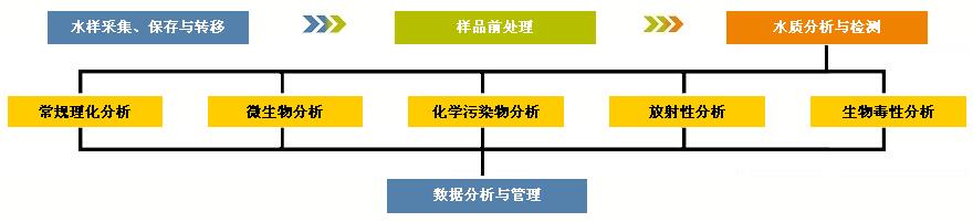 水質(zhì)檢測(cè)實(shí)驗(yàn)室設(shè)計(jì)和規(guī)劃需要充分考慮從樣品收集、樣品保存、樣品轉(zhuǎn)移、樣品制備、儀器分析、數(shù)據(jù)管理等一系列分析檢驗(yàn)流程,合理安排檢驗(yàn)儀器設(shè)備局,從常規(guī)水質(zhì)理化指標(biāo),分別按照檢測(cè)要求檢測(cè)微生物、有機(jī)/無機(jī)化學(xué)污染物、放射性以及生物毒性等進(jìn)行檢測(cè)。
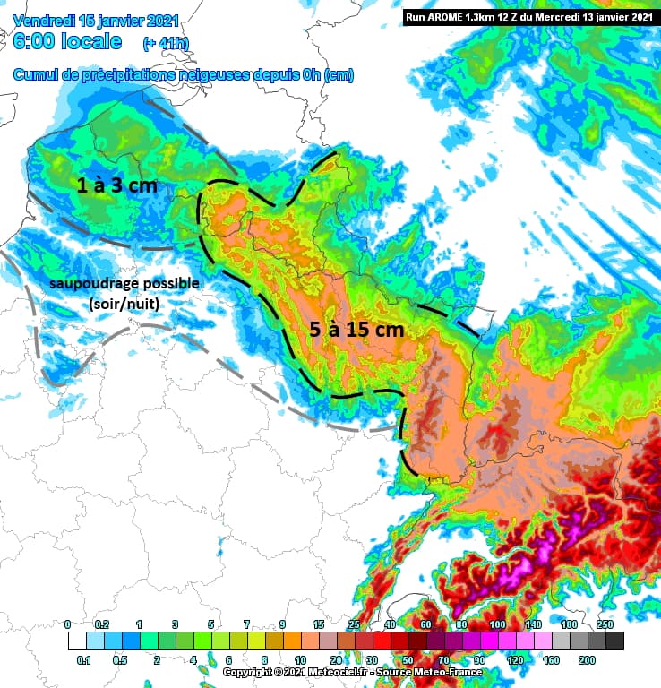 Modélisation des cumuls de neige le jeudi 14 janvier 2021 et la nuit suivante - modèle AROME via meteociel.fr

...

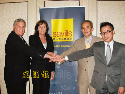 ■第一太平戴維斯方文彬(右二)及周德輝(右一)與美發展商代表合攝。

Instructions to follow → Nothing outside the stretch above, from the line with "水質(zhì)檢測(cè)實" through the line with "Modélisation des cumuls", is set down. Transcribe that stretch exactly, ends included, but not its pictures.

Response below →
 水質(zhì)檢測(cè)實(shí)驗(yàn)室設(shè)計(jì)和規(guī)劃需要充分考慮從樣品收集、樣品保存、樣品轉(zhuǎn)移、樣品制備、儀器分析、數(shù)據(jù)管理等一系列分析檢驗(yàn)流程,合理安排檢驗(yàn)儀器設(shè)備局,從常規(guī)水質(zhì)理化指標(biāo),分別按照檢測(cè)要求檢測(cè)微生物、有機(jī)/無機(jī)化學(xué)污染物、放射性以及生物毒性等進(jìn)行檢測(cè)。
 Modélisation des cumuls de neige le jeudi 14 janvier 2021 et la nuit suivante - modèle AROME via meteociel.fr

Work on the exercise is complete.